Justice Antonin Scalia called the provision, which requires nine states, mostly in the South, to get federal permission before changing voting procedures, a "perpetuation of racial entitlement." Chief Justice John G. Roberts Jr. asked a skeptical question about whether people in the South are more racist than those in the North. Justice Anthony M. Kennedy asked how much longer Alabama must live "under the trusteeship of the United States government."
The court's more liberal members, citing data and history, said Congress remained entitled to make the judgment that the provision was still needed in the covered jurisdictions.
"It's an old disease," Justice Stephen G. Breyer said of efforts to thwart minority voting. "It's gotten a lot better. A lot better. But it's still there."
Four of the nine-member court's five more conservative members asked largely skeptical questions about the law. The fifth, Justice Clarence Thomas, did not ask a question, as is typical.
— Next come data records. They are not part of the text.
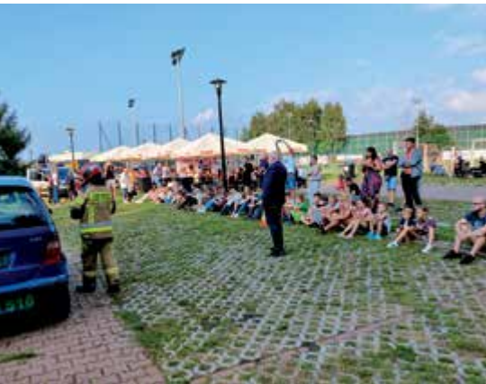
Strażacy pokazali, jak dostać się do auta, aby pomóc poszkodowanym. Zaczęło się od nauki bezpiecznego rozbijania szyb, a potem poszedł w ruch ciężki sprzęt do rozcinania karoserii
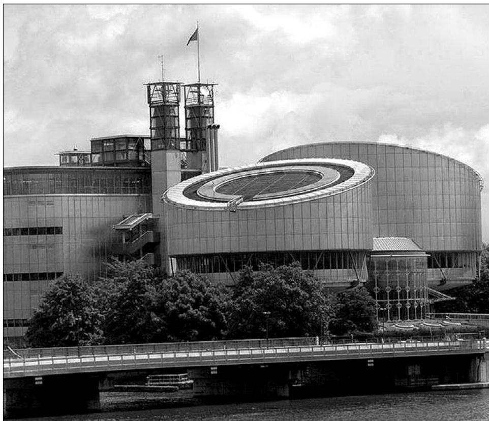
Strasbourg. Az Európai Emberjogi Bíróság épületegyüttese

A testület döntései nem egy esetben gyökeresen megváltoztatták a romániai jogszabályok egy-egy kitételét, így például az előzetes letartóztatással, a telefonlehallgatással, a tulajdonjoggal kapcsolatos rendelkezéseket. ◀
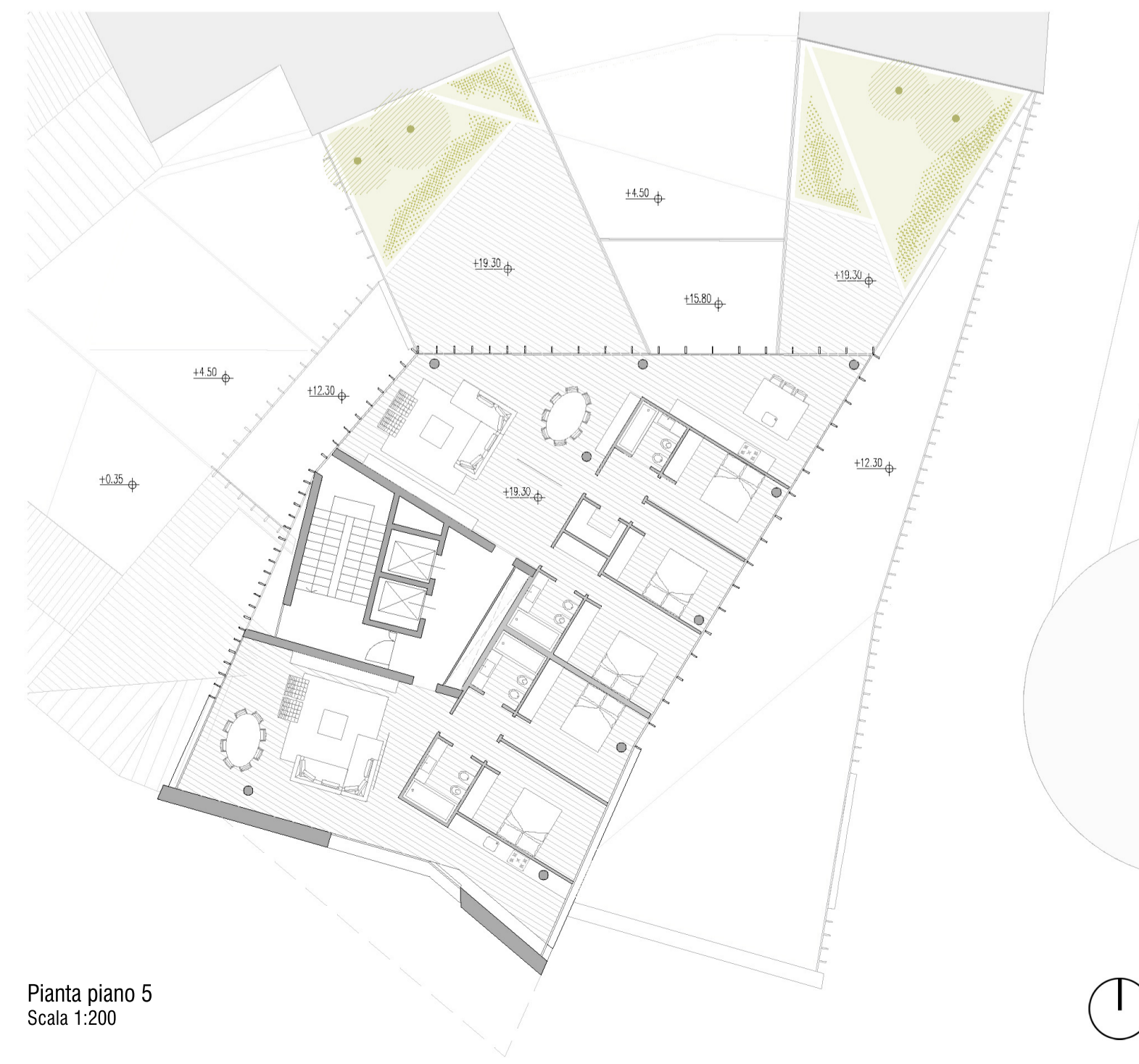
Pianta piano 5 Scala 1:200
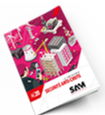
Sécurité anti-chute 2020
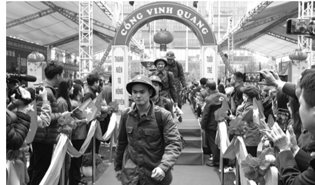
● Tân binh hăng hái lên đường nhập ngũ.
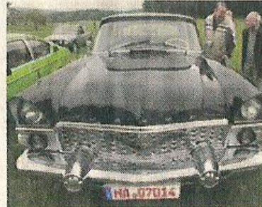
Dunkel wie ein Mafiawagen. Der russische SIM GAZ.
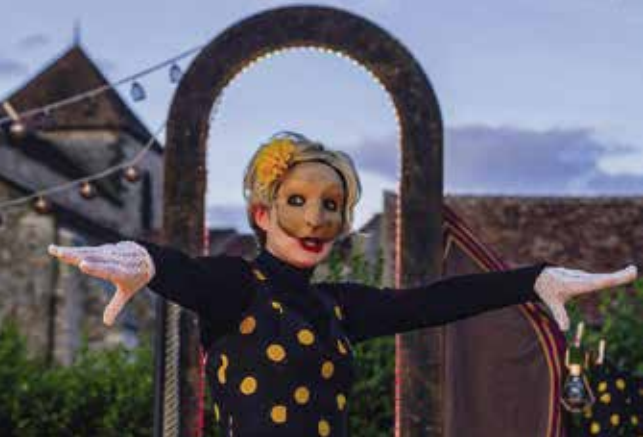
La Troupe itinérante masquée La Parade
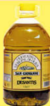
DESANTIS OLIO EXTRAVEVERGINE SAN GIOVANNI 5 LITRI
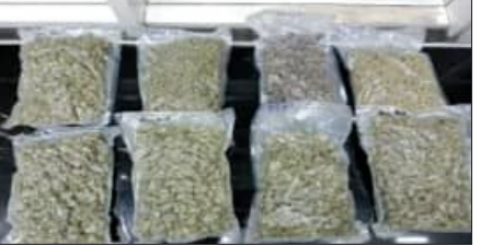
ଜଣେ ଚାଲାଣକାରୀଙ୍କୁ ଅଟକ ରଖି ପତରାଉତରା କରାଯାଇଛି ୧୪ ଦିନରେ ୨୯ କୋଟିରୁ ଅଧିକ ମାରିକୁଆନା ଜବତ ହେଲାଣି ଆଇଲାଣ୍ଡ, ମାଲେସିଆରୁ ହେଉଛି ଚାଲାଣ

ଭୁବନେଶ୍ୱର, ୧୮ (ସମ୍ପାଦକ): ନିଶା ମାଫିଆଙ୍କ ଗଳାବାଟ ପାଲଟିଛି ଭୁବନେଶ୍ୱର ବିମାନ ବନ୍ଦର। ସେମାନେ ବିମାନ ବନ୍ଦର ଦେଇ ବିଦେଶକୁ ମାରିକୁଆନା ଚାଲାଣ କରୁଛନ୍ତି। ଗତ ୧୪ ଦିନରେ ୨୯ କୋଟିରୁ ଅଧିକ ଟଙ୍କା ମୂଲ୍ୟର ମାରିକୁଆନା (ଗଞ୍ଜେଇ କାଟାୟ ନିଶାଦ୍ରବ୍ୟ) ଜବତ ହେଲାଣି। ଏହି ଘଟଣାରେ ଦୁଇ ମହିଳା ସମେତ ୩ଜଣଙ୍କୁ ଗିରଫ କରାଗଲାଣି। ତଥାପି ମାରିକୁଆନା ଚାଲାଣ କମୁନାହିଁ। ଆଜି ପୁଣି ବିକ୍ୱ ପକ୍ଷରୁ ବିମାନ ବନ୍ଦରରୁ ୬ କୋଟିର ମାରିକୁଆନା ଜବତ କରାଯାଇଛି। ଜଣେ ଚାଲାଣକାରୀ ମାରିକୁଆନା ନେଇ ଆସୁଥିବା ବେଳେ ମାଡ଼ି ବସିଥିଲା କଷ୍ଟମ ବିଭାଗ। ଚାଲାଣ କରୁଥିବା ବ୍ୟକ୍ତିଙ୍କୁ ଅଟକ ରଖି ପତରାଉତରା କରୁଛି କଷ୍ଟମ ବିଭାଗ। ସାତ କେଜି ମାରିକୁଆନା ନେଇ ଜଣେ ଅଭିଯୁକ୍ତ ବ୍ୟାଙ୍କରୁ ଭୁବନେଶ୍ୱର ଆସୁଥିଲେ। ଏନେଇ ଗୁଜରାଟ ସୁଦ୍ଧରୁ ଖବର ପାଇଥିଲା କଷ୍ଟମ ବିଭାଗ। ଇଣ୍ଡିଗୋ ବିମାନ ଭୁବନେଶ୍ୱର ବିମାନ ବନ୍ଦରରେ ଅବତରଣ କରିବା ପରେ କଷ୍ଟମ ବିଭାଗ କର୍ମଚାରୀ ଜଣେ ଯାତ୍ରୀଙ୍କ ଲଗେଜ୍‌ସ୍‌ ଯାଞ୍ଚ କରିଥିଲେ। ଯାଞ୍ଚ ବେଳେ ୬ କୋଟିର ମାରିକୁଆନା ଧରାପଡ଼ିଥିଲା। ଉକ୍ତ ବ୍ୟକ୍ତିଙ୍କୁ ଉଠାଇ ନେଇଥିଲା କଷ୍ଟମ ବିଭାଗର ସଫର ଇଣ୍ଡିଗୋକୁ ଯୁକ୍ତି। ବ୍ୟାଙ୍କ ଓ ହାଲାଲ୍‌ମୁରୁ ପୂର୍ବରୁ ଆସୁଛି ଏହି ବାମା ନିଶାଦ୍ରବ୍ୟ। ପୂର୍ବରୁ ୨ ଜଣ ମହିଳା ଓ ୩ ମୁଦ୍ରକଙ୍କୁ ଗିରଫ କରାଯାଇଥିବା ବେଳେ ବିମାନବନ୍ଦର ବଜ୍ରମାନ ନିଶା ପୃଷ୍ଠା-୯
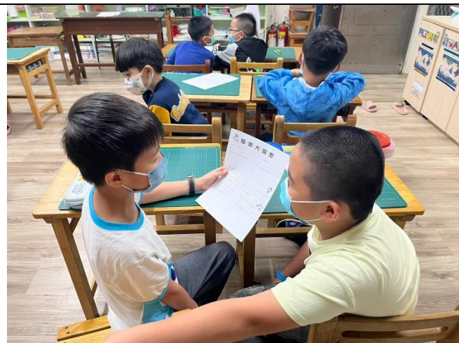
學生互相討論對方家人職業的特質應該有什麼
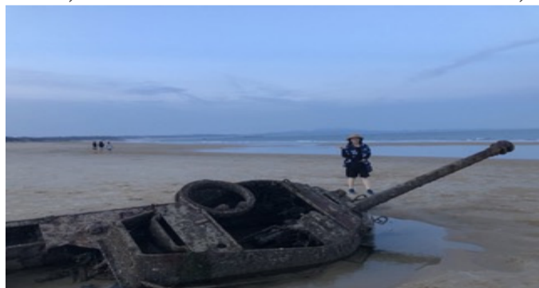
欧厝海滩“沉睡战车”是金门打卡热点
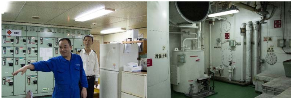
↑ 熱情為我們介紹的輪機長
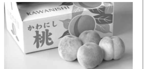
問い合わせ 産業振興課 (740)1164

昨年の台風で、市内の多くの桃畑が被害を受けたため、販売箱数が例年の約半数まで減少する可能性があります。農家の皆さんが大切に育てた桃をできるだけ多くの方が購入できるように、ご理解とご協力をお願いします。 ▶ 販売箱数は1人1箱まで 販売数の制限を設ける予定です(当日の状況により変更の場合あり) ▶ 9時から順番確認の整理券を配布 当日午前9時から会場付近で整理券を配布しますが、購入を保証するものではありません
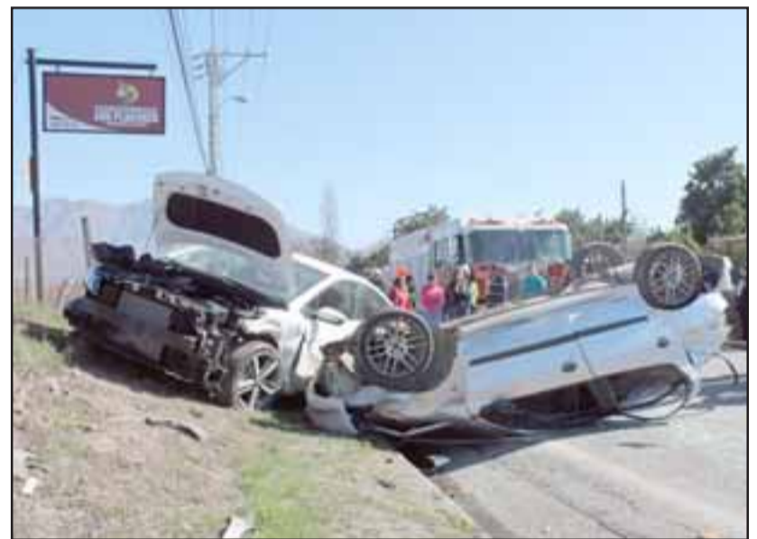
El automóvil Peugeot matrícula XD 21-64, con dos ocupantes en su interior, se desplazaba hacia el oriente, y habría efectuando una maniobra de adelantamiento colisionando al Microbus.

The law, a landmark achievement of the civil rights era was challenged by Shelby County, Ala., which said that the requirement had outlived its usefulness and that it imposed an unwarranted badge of shame on the affected jurisdictions.
The county's lawyer, Bert W. Rein, said that the "problem to which the Voting Rights Act was addressed is solved."
In reauthorizing the provision for 25 years in 2006, Congress did nothing to change the criteria for inclusion under the provision, relying instead on a formula based on historic practices and voting data from elections held decades ago. Much of the argument concerned that coverage formula.
Should the court strike down the coverage formula, Congress would be free to take a fresh look at what jurisdictions should be covered. But making distinctions among the states based on new criteria may not be politically feasible.
Four years ago, the court signaled that the law may need revision to withstand constitutional scrutiny, hinting that Congress might want to take a fresh look at the places subject to the preclearance provision, called Section 5. Congress failed to act.
Solicitor General Donald B. Verrilli Jr. said Congress had made a considered and cautious decision in extending the act.
Debo P. Adegbile, a lawyer with the NAACP Legal Defense and Educational Fund, said that "our right to vote is what the United States Constitution is about."
Section 5, originally set to expire five years after the law was enacted, was upheld by the Supreme Court in 1966 as a rational response to the often flagrantly lawless conduct of some Southern officials then.
Congress repeatedly extended the requirement: for 5 years in 1970, 7 years in 1975, and 25 years in 1982. Congress renewed the act in 2006 after holding extensive hearings on the persistence of racial discrimination at the polls, again extending the preclearance requirement for 25 years.